My Dog Appears to be Guarding Me and it Makes Him Look Aggressive…. Why?
The short answer is they are trying to protect you. The bigger question is, why?
This is a common situation many of my clients face and ask me about. Over-protective behaviour occurs frequently, and odds are, you will have experienced this especially if you have multiple dogs. Guarding behaviours typically involve lunging, barking and snapping at other people; less than ideal when out in public.
The first step in addressing these problems is to understand the root cause of these behaviours. It can sometimes be difficult for owners to comprehend these sort of behaviours – on the surface it may look like your dog is attempting to protect you by being an overzealous guardian but more likely than not, they are actually protecting themselves.
The self-protection gradually evolves into over-active guard behaviour that extends to the whole pack i.e. you, as the owner.
Usually that first lunge or snap at a passer-by is triggered because the dog feels threatened; the dog is insecure and afraid. This fear can then change into protective behaviour in two main ways:
1)If a dog perceives someone or something as a threat, it is easy for the dog to perceive this threat against the group, not just itself. Importantly, this alone does not necessarily result in aggressive displays.
We must remember that ‘canine society’ is hierarchical in nature with high ranking members carrying out a number of important functions including protection and taking the lead in threatening or dangerous situations.
So, does that mean your dog thinks he is your leader and protecting you? Is your dog dominant over you?
Almost certainly not. The most accurate explanation is that your dog doesn’t have faith in YOUR leadership. They aren’t assuming a leadership role, but they also don’t think you are up to the task. Naturally, this leads to insecurities when it comes to perceived threats. The truth is that among domestic dogs, there are few truly dominant animals. When dogs who are not naturally inclined to be leaders take up a leadership position, they can anxious and stressed which contributes to the irrational nature of their responses.
2) The second way this behaviour emerges is related to the point above but also distinct in certain ways. Something which I think we all forget is that we are animals too and fall foul of many behavioural tropes similar to dogs, often without realising. For example, when you dog lunges at someone of something unexpectedly this can be a shocking experience and quite distressing for some owners. After several of these sorts of experiences, we can very quickly become programmed via classical conditioning – in this case a conditioned emotional response.

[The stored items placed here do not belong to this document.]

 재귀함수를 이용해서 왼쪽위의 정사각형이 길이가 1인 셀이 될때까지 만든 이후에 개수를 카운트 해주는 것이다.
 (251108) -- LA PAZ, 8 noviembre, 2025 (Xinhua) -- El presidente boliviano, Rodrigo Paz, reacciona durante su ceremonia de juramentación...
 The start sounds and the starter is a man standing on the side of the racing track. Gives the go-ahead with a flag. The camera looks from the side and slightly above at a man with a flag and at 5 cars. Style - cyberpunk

You may begin to fear that jogger or push chair approaching because you know what is about to happen.Not only is your dog already nervous of them approaching but they now sense your anxiety as well leading to a cascade of fear and uncertainty.

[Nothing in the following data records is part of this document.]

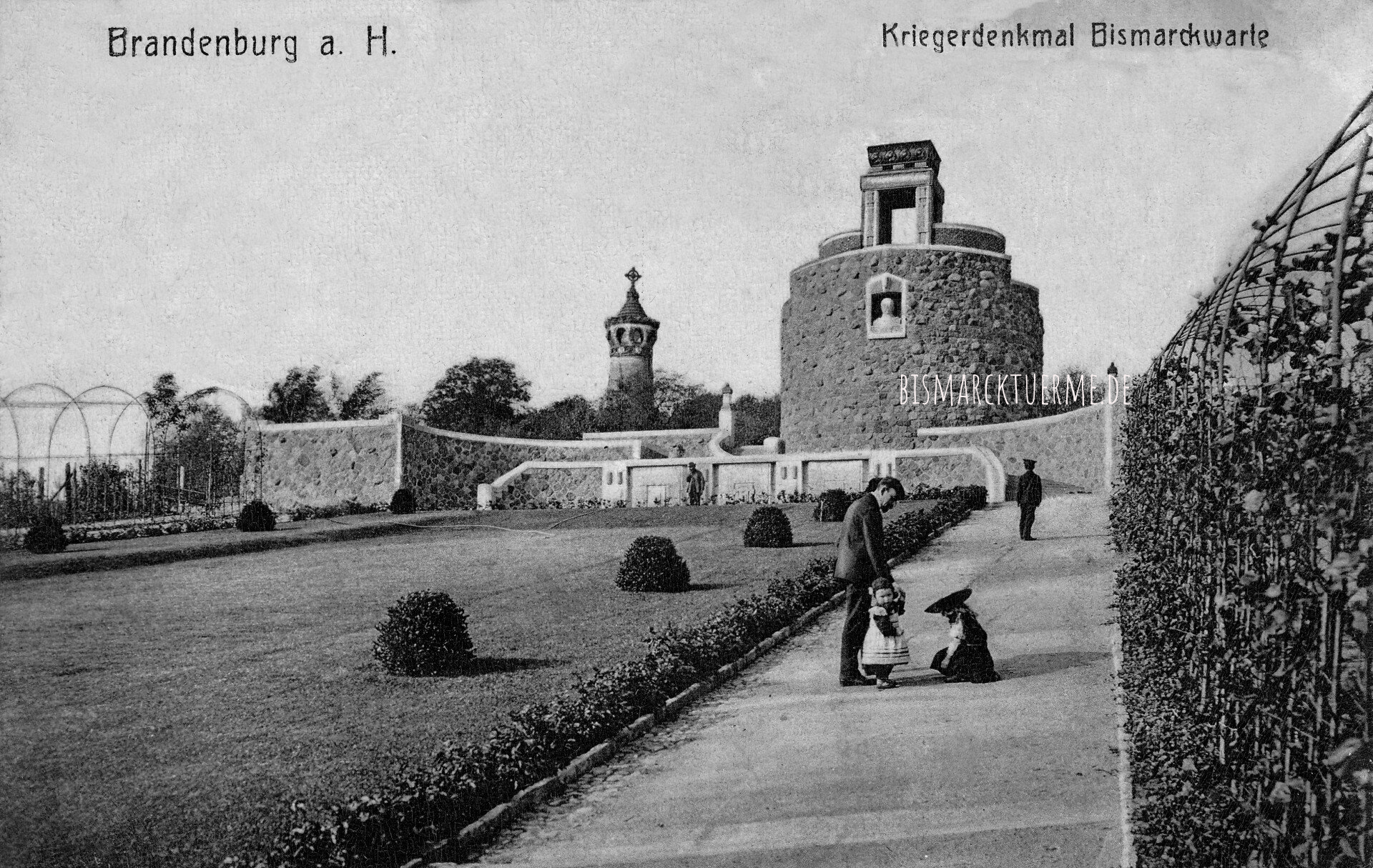 Bereits im Jahr 1874 wurde auf dem Marienberg in Brandenburg ein neogotischer Aussichtsturm zur Ehre der Gefallenen der Kriege 1864-1871 nach einem Entwurf von Hubert Stier errichtet (das Kriegerdenkmal wurde im März 1960 vollständig abgebrochen).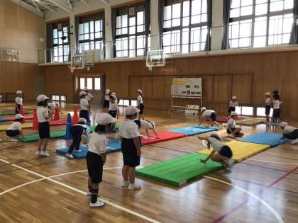 2組の子どもたちは準備,片付け名人!少しでも長く活動できるようにと,大きなマットを4,5人で協力して運び,準備をあっという間に終えてしまいます。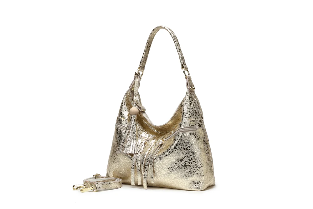 Arliwwi большая блестящая золотая сумка из натуральной кожи, сумки из натуральной кожи, женская модная Новая Большая Сумка через плечо из натуральной кожи GB11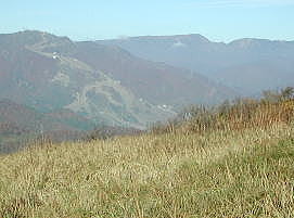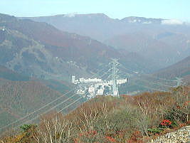 | 白いのは苗場スキー場のホテル群 | 登って来た三国峠方面を見下ろす |

Something so important when you are a leader (or if you hope to become one), is to remain calm and controlled in conditions of threat or danger. Your behaviour, while not obvious to you, is obvious to your dog and YOU must set the example. If you remain fearful of these situations, your anxiety and fear essentially validate your dog’s position and behavioural responses. If they see you all worked up over an approaching jogger, they think they are right to feel the same and act the way they do.
Your dog has no way of knowing that you aren’t afraid of the jogger or the approaching ‘threat’ and you are afraid of what your dog might do. All they see is:
Jogger approaches -> You get nervous -> A need to react and defend
To embark on a clear path to training, we need to appreciate and understand these underlying behaviours as best as we possibly can. If we don’t understand these factors it can leave us frustrated and confused when we don’t see the progress, we expect during training.
Where to begin?
The first place to start is to check the foundation of the relationship between you and your dog – what do you represent to them.

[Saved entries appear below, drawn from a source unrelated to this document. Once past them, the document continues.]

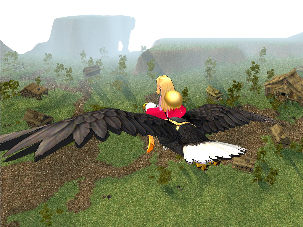 ネットゲーのマビノギで空を飛べるペットが導入されました。飛べる場所は限られてるけど、なかなか楽しいです。まぁ飛べること以外特に戦闘が出来るとかは無いんですがね。 今後、空中戦とか、空飛ぶ街とかみたいなのが導入されると面白いかも?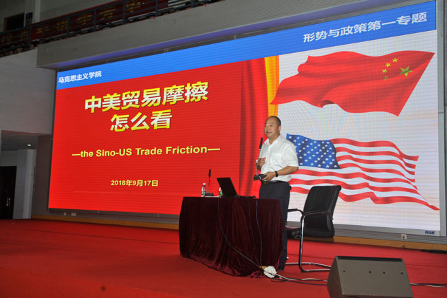 近日,星空体育登录官网_星空(中国)党委委员、纪委书记于林惠应马克思主义学院邀请,围绕当前中美贸易摩擦的热点问题,为2018级新生讲授形势与政策课“中美贸易摩擦怎么看”专题,引导学生正确认识中国发展与当前的国际形势。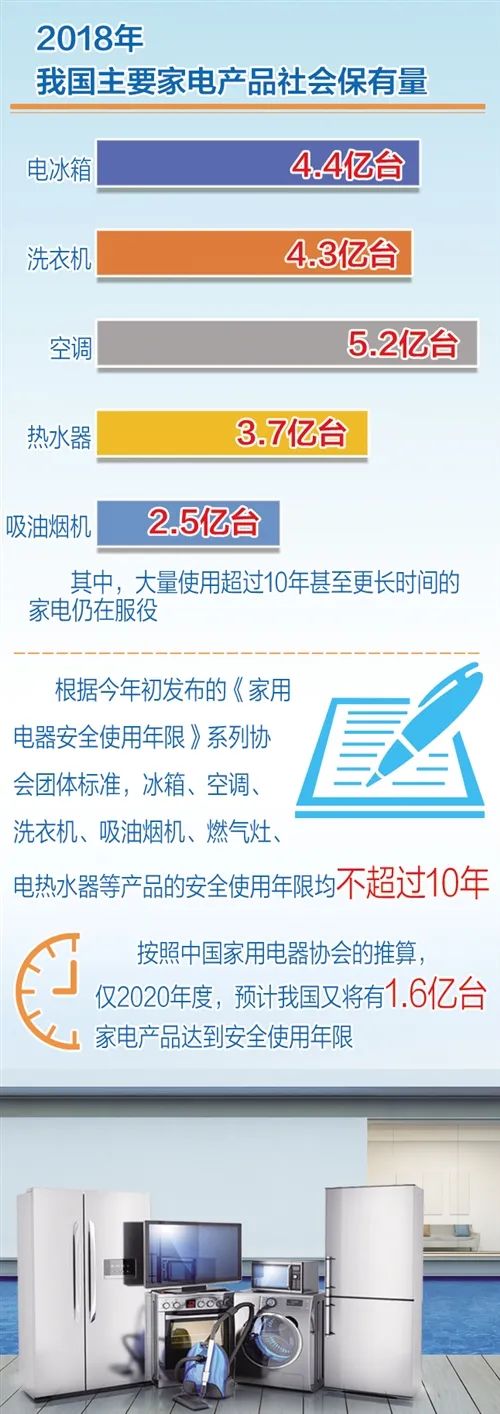 數據顯示,2018年,我國主要家電產品社會保有量分別是:電冰箱4.4億台、洗衣機4.3億台、空調5.2億台、熱水器3.7億台、吸油煙機2.5億台。其中,大量使用超過10年甚至更長時間的家電仍在服役。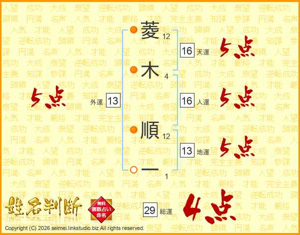 菱木順一さんの総運は29画の4点!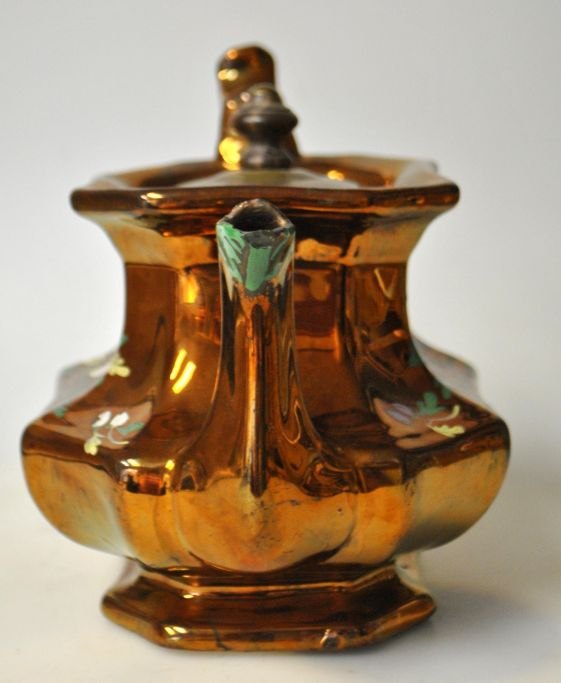 Engelsk lustre thekande, 19. årh. Med håndmalede blomsterdekorationer og messinglåg. H: 17 cm Dia: 22 cm.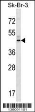 GPR87 Antibody (C-term) (Cat. AMM08631G) western blot analysis in SK-BR-3 cell line lysates (35ug/lane).This demonstrates the GPR87 antibody detected the GPR87 protein (arrow). |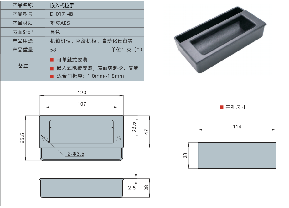 3、适合门板厚1-1.8毫米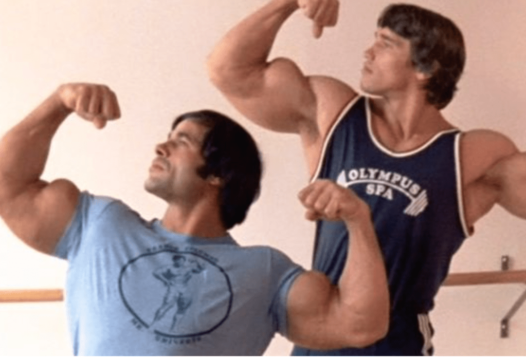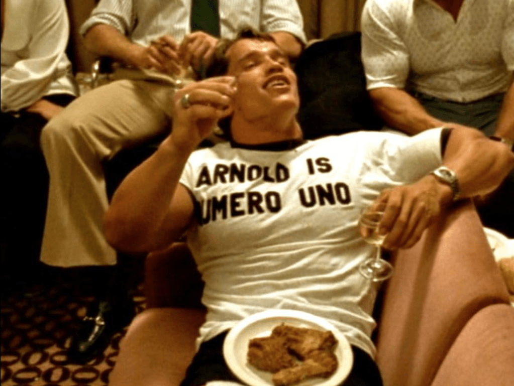 Last month, I watched the messive-guy-documentary Pumping Iron. Disappointingly, it’s not a movie about metalworking production processes. The film is much more about Arnold Schwarzenegger & more musculeros preparing for the Mr. Universe 1975 contest. There are tons of dumbbells being lifted. They spur each other on until they puke from exhaustion. Afterwards, the training continues. There is bragging in front of each other. Smearing each other with oil. Teasing each other for competition. They smoke pot together.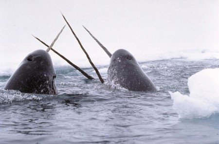 북극에 사는 고래류로 뿔이 드릴 모양과 비슷함. 특이하게 이 뿔은 한 개의 어금니가 길다랗게 자라서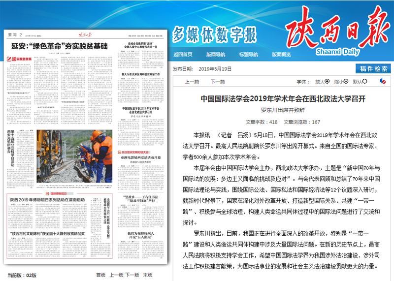 【陕西日报】中国国际法学会2019年学术年会在西北政法大学召开 罗东川出席并致辞
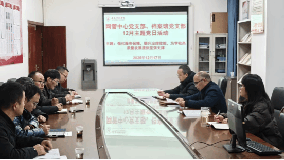 12月17日,档案馆党支部与网管中心党支部在图书馆楼806会议室,联合开展了以“强化服务保障,提升治理效能,为学校高质量发展提供坚强支撑”为主题的党日活动。两个支部全体党员参会,活动由网管中心党支部书记刘彦宾主持。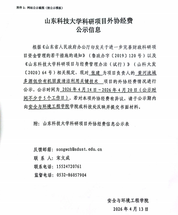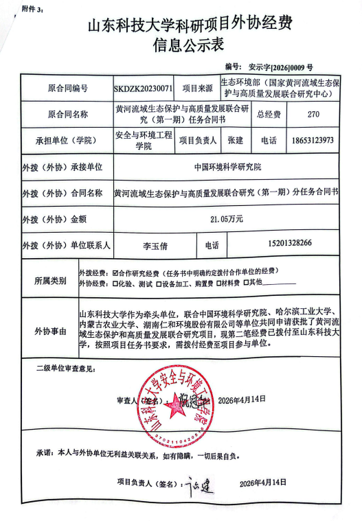 山东科技大学横向科研项目外协经费公示信息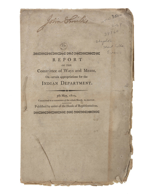 Report of the Committee of Ways and Means, On certain appropriations for the Indian Department. 5 May 100. Committed to a committee of the whole House, to-morrow. Published by order of the House of Representatives. [Washington], 1800. 8vo, untrimmed, no covers, 12 pp. In custom cloth and board envelope.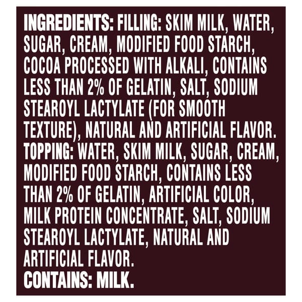 Filling: Skim Milk, Water, Sugar, Cream, Modified Food Starch, Cocoa Processed With Alkali, Contains Less Than 2% Of Gelatin, Salt, Sodium Stearoyl Lactylate (for Smooth Texture), Natural And Artificial Flavor. Topping: Water, Skim Milk, Sugar, Cream, Modified Food Starch, Contains Less Than 2% Of Gelatin, Artificial Color, Milk Protein Concentrate, Salt, Sodium Stearoyl Lactylate, Natural And Artificial Flavor.

Without going into immense detail, your focus should be on fostering and developing a relationship with your dog that encourages leadership through clear and consistent boundaries and direction. Think about regulating valued resources and be aware of your own tone, energy and body language as you interact with your dog. It’s a good idea to frequently run a check on your emotions while you are out and about with your dog, especially in crowded situations or environments where you think your dog might react poorly.
Dig deep and overpower the urge to feel anxious when ‘threats’ approach. This will get easier with time. Keep your head high and believe that you are the leader you are meant to be. Do this consistently and your dog will notice, training will be more effective, and harmony can be restored to your dog-owner relationship.